----- Raw data -----

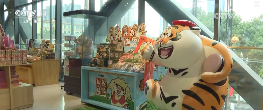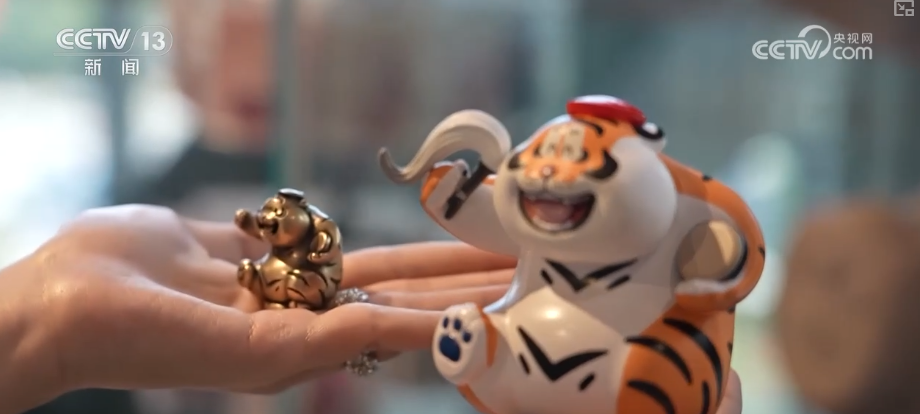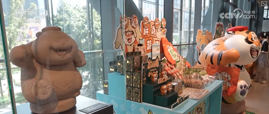 成都博物館文化創(chuàng)意產(chǎn)業(yè)部工作人員伍娜介紹,在整個文創(chuàng)行業(yè)發(fā)展起來后,文博行業(yè)也進行了一些大膽的嘗試,包括和一些藝術(shù)家、非遺的傳承人,以及現(xiàn)在比較受年輕人歡迎的IP來進行一些跨界的合作。他們想了一個創(chuàng)意點,就是在“胖虎”的手上拿了很多具有成都代表性的元素,比如說茶館文化就拿了茶壺。
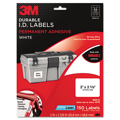 MMM3800D Permanent Adhesive White Durable ID Labels, 2 x 2-5/8, 150 Labels/Pack By 3M/COMMERCIAL TAPE DIV.
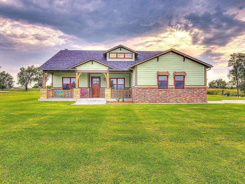 Beautiful custom built bungalow style home on 2 acres. To many custom features to list. Open floor plan! Eat in Kitchen w/38"x45" butcher block on kitchen island, granite, large walkin pantry. Oakwood floors in office, dinning, living area. Chandeliers in Office, Dining, bedrooms, and Laundry. Private master suite w/large jetta corner tub and walkin shower, huge walk in closet that is a safe room. This home will WOW you!!

-----

**Task prompt**
Output the full listing above exactly, excluding all pictures.

**Exercise response**
 成都博物館文化創(chuàng)意產(chǎn)業(yè)部工作人員伍娜介紹,在整個文創(chuàng)行業(yè)發(fā)展起來后,文博行業(yè)也進行了一些大膽的嘗試,包括和一些藝術(shù)家、非遺的傳承人,以及現(xiàn)在比較受年輕人歡迎的IP來進行一些跨界的合作。他們想了一個創(chuàng)意點,就是在“胖虎”的手上拿了很多具有成都代表性的元素,比如說茶館文化就拿了茶壺。
 MMM3800D Permanent Adhesive White Durable ID Labels, 2 x 2-5/8, 150 Labels/Pack By 3M/COMMERCIAL TAPE DIV.
 Beautiful custom built bungalow style home on 2 acres. To many custom features to list. Open floor plan! Eat in Kitchen w/38"x45" butcher block on kitchen island, granite, large walkin pantry. Oakwood floors in office, dinning, living area. Chandeliers in Office, Dining, bedrooms, and Laundry. Private master suite w/large jetta corner tub and walkin shower, huge walk in closet that is a safe room. This home will WOW you!!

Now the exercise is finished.